Options are hundred-size portions of the Series 7 exam. They come in various combinations and configurations in Series 7. These include single options, spreads (buying and selling one type), straddles (using calls and puts), and position positions. stocks with options
This article focuses on stocks with put options together and how to quickly calculate profit, loss, and break-even points for the series 7 exam. You’ll see ACE Options if you look with common sense. Not with memorization charts.
The thing to remember is that whenever you see options with a stock position, whether that stock position is long or short, the option is used for only 1 of 2 things. Protection or Rent. It is never the main focus of the strategy. So when you are analyzing the strategy and trying to see where the maximum profits and maximum losses could come from, think about where your money is tied up.
If you owned 100 shares of TRW Stock at $86, you have $8,600 invested. Now, if on the Series 7 exam you see a position like this and a call option for 1 TRW 80 Put for $300, it’s important to see what’s going on.
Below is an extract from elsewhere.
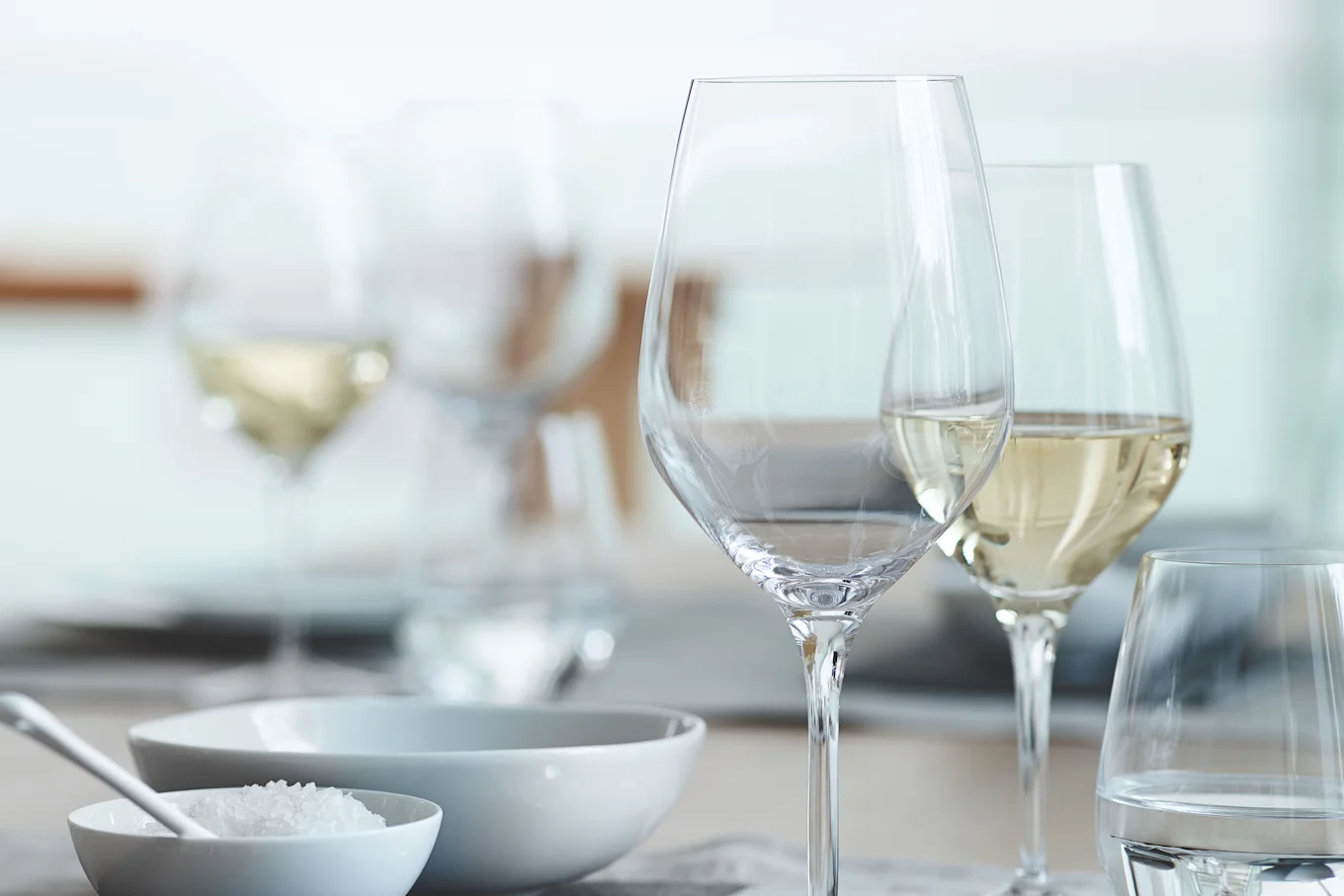 Fordi hvidvin serveres ved en lavere temperatur end rødvin, har hvidvinsglas tendens til at være lidt mindre end rødvinsglas, så vinen ikke bliver varm så hurtigt. Champagneglas er også en del af Spiegelaus sortiment og har en elegant, smal form, hvilket sikrer, at champagnen holder sig frisk og sprudlende i lang tid.
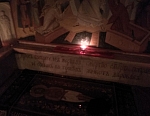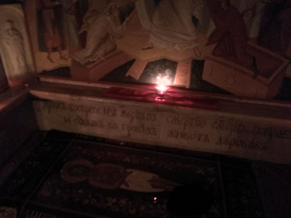 В нижнем храме все сделано наподобие храма в Иерусалиме. Есть камень миропомазания, а за ним, в глубине, Кувуклия с Гробом Господним. В него вмонтирована часть настоящего иерусалимского Гроба.

When you have stocks, you want them to go up. A put option is the right to sell the stock at the exercise price (80). If the put option was bought on its own, without a long stock position in the same stock, then you want the stock to go down. Your maximum profit is based on declining stocks. HOWEVER, if you own a long stock position, the put option is your only protection.
In the example:
Buy 100 TRW Shares at $86 and Buy 1 TRW 80 Put for $300
FOCUS ON THE ACTION when you look at profit, loss and breakeven.
The put option does not get in the way of your trading profit. Focusing on stocks means that you always want the stocks you have bought to go up. The option, either call or put, is there for income or protection. In this case the Put was bought, so obviously this is not for rent. It is for the protection of the drop in shares.
For this reason, the maximum profit is always unlimited when you own shares and own a put option. A premium was paid, so it will be deducted from the profit, but the profit is still UNLIMITED. The stock could go up to $100, $200…
Maximum Loss: The put option is there to protect the stock, that’s IT. In the best case, the stock soars and the put expires, but without the put, the stock could drop to 0. The put allows the stock to be sold at 80, regardless of how low it is the actions. It works like a stop-loss order. It’s just that the option is not automatically “triggered” like a stop order. The Investor must exercise the option and the put option as a cost. In this case $300. So the maximum loss for this stock and short position is the difference in point loss on the stock at 86 and the guaranteed sale price of 80, which is $600 plus the $300 premium paid. Answer: $900.
The breakeven point with stocks and options is VERY simple for the Series 7 exam. It’s the total cost spent. Stock market position and premium paid or received. The cost of shares was 86 – the premium was 3, therefore THE EQUILIBRIUM IS 89. You start making money at 90. Watch out for that trick question. The breakeven point and the profit point ARE NOT THE SAME.
Look for more articles on understanding Series 7 trading strategy or just for your own insight. Also search the web for our Series 7 Class Blog for more tips.